The impact of actual HAART regimens on noninfectious HIV-related comorbidities

• Metabolic syndrome: the effects of nucleoside reverse transcriptase inhibitors (NRTIs), protease inhibitors (PIs) and non-NRTIs (NNRTIs) on lipodystrophy, insulin resistance and dyslipidemia are addressed by the review of the main clinical trials on HAART metabolic outcome.

• Cardiovascular complications: data on the relationship between increased risk of myocardial infarction and HAART (PI cumulative exposure and recent exposure to abacavir) are discussed.

• Bone metabolism disorders: HIV-infection, ARV exposure, and PI-based regimens have been associated with increased prevalence of osteoporosis.
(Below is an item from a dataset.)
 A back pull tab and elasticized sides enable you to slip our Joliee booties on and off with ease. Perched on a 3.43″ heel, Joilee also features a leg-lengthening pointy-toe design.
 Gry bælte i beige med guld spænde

We report data from ACTG 5224, evaluating the impact of different backbones and of PI- versus NNRTI-based regimens on bone mineral density reduction.
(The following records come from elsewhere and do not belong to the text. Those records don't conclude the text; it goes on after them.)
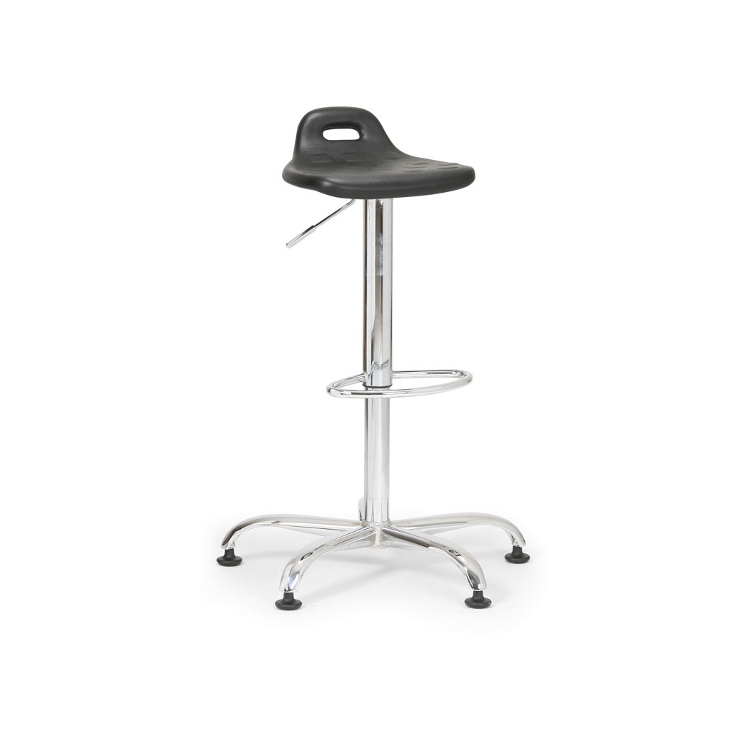 Laboratorní stolička je skvělou volbou do laboratoří či průmyslových oblastí, zejména pak do montážních hal k pracovním linkám. Židle je vybavena pístem pro výškové nastavení a zajistí při práci vždy pohodlné sezení. Výška sedu od země u této stoličky dosahuje až 81 cm a i díky tomu má opěrný kruh pro podložení vašich nohou.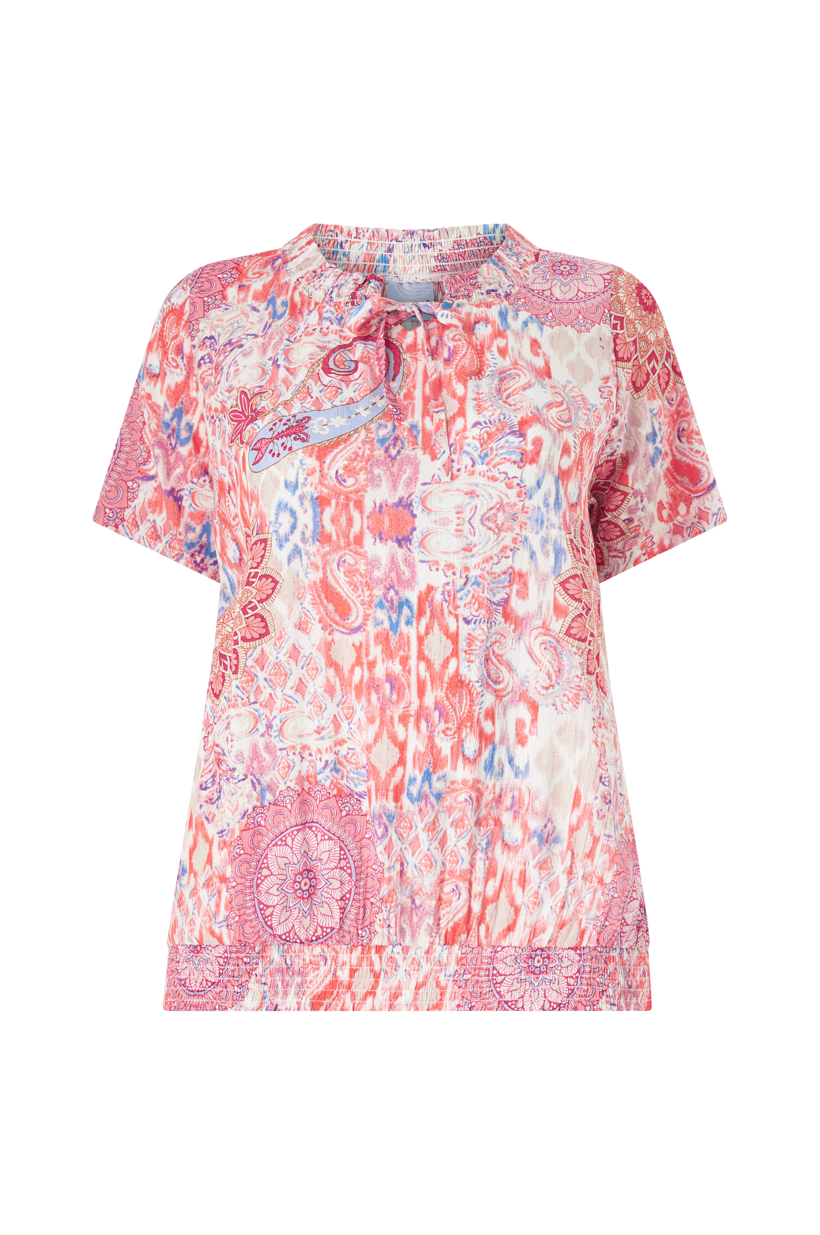 • Store størrelser• Lige model• Rund hals med smock og bindebånd foran• Kort ærme• Smock ved nederste kant
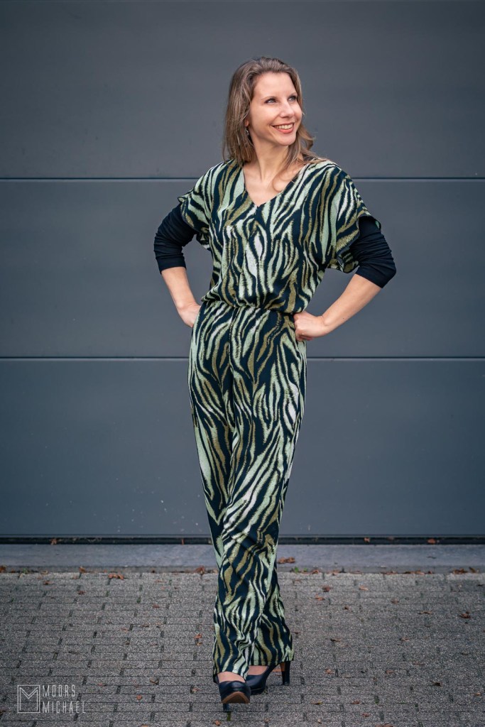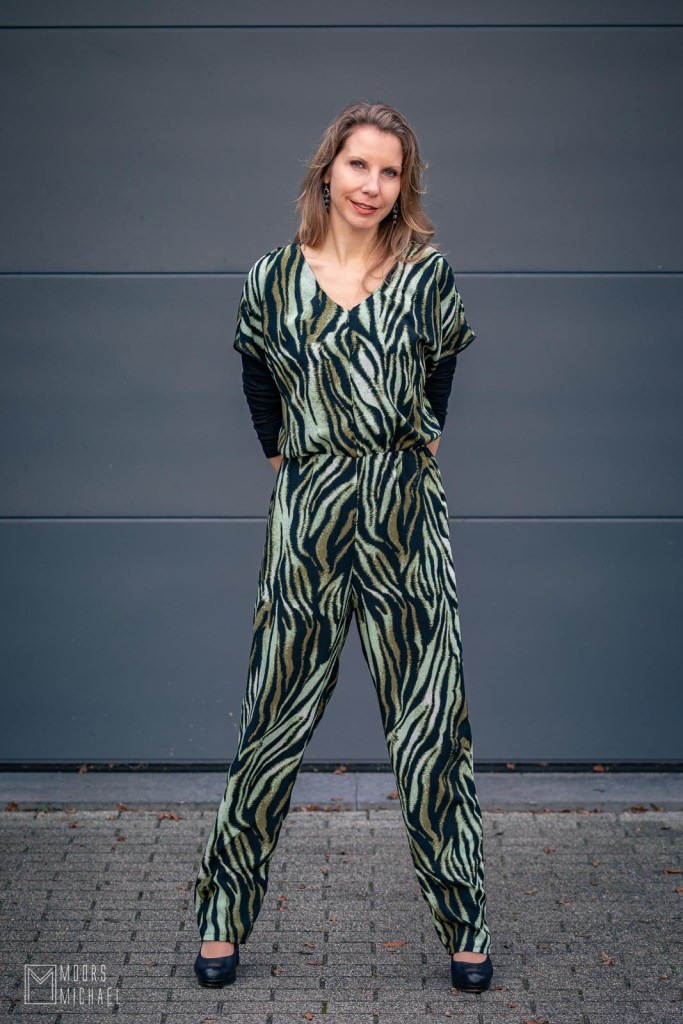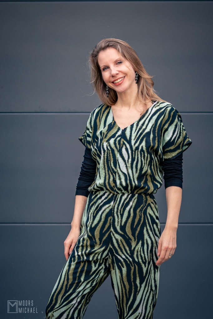 Ik naaide wel eens eerder een jumpsuit uit een van de eerste Veritas-magazines, maar dat viel mij toch een beetje tegen. De vorm was niet helemaal wat ik zocht in een jumsuit. Al stond hij mij wel en droeg ik hem meteen op een trouwfeest, na de eerste wasbeurt was hij zoveel gekrompen dat hij richting de kledingcontainer vloog. Nadien waagde ik mij heel lang niet meer aan een jumpsuit.

• Renal diseases: ARV-related renal side effects have been described with PIs (indinavir and ATV) and TDF. Conflicting data on the risk associated with these drugs, with particular regard to data from the EuroSIDA cohort of an increased risk of chronic kidney disease, are discussed.

Novel antiretroviral strategies: trials evaluating immune–virologic efficacy & tolerability of NRTI-sparing regimens have been reviewed

• An overview on the clinical trials on NNRTI plus boosted-PI regimens is provided. ACTG 5142 demonstrated a similar virologic efficacy of lopinavir/ritonavir plus efavirenz compared with the standard-of-care, however this regimen was associated with an increased frequency of lipid elevation together with a higher risk of NNRTI resistance.

• Several studies have been conducted to date on boosted-PI monotherapy. Despite a meta-analytic review demonstrating the inferior virologic efficacy of lopinavir/ritonavir monotherapy, compared with triple ARV regimens, recent data on switch strategy to DRV/r monotherapy, in patients with sustained virologic suppression have demonstrated noninferior efficacy.

New antiretroviral classes: rationale & potential for their use in HIV-infected patients affected by comorbidities have been addressed

• Integrase inhibitor: Given its neutral effect on lipids, raltegravir (RGV) may represent a valuable option in patients affected by cardiovascular diseases. Its safety and efficacy in a switch strategy from PI-based regimens has been tested in two trials, with good results in terms of lipid profiles but conflicting data on virologic efficacy. RGV represents an option for new NRTI-sparing regimens, as demonstrated by trials evaluating the efficacy and tolerability of RGV plus ATV/r.

• CCR5 antagonist: The use of maraviroc may have potential additional benefits resulting from its mechanism of action: the CCR5 receptor has been involved in the pathogenesis of atherosclerosis and of HIV-associated osteoporosis. These are rationale premises for its use in patients affected by comorbidities, but no data are available. Maraviroc may also represent an option for NRTI-sparing regimens.

Conclusion

• The alternative ARV strategies explored to date have some limitations and do not completely satisfy the clinical need.

• Clinical studies focused on new drugs are emerging, but only preliminary findings are available. Further data need to be generated in order to provide valuable alternative therapeutic regimens for patients affected by severe comorbidities.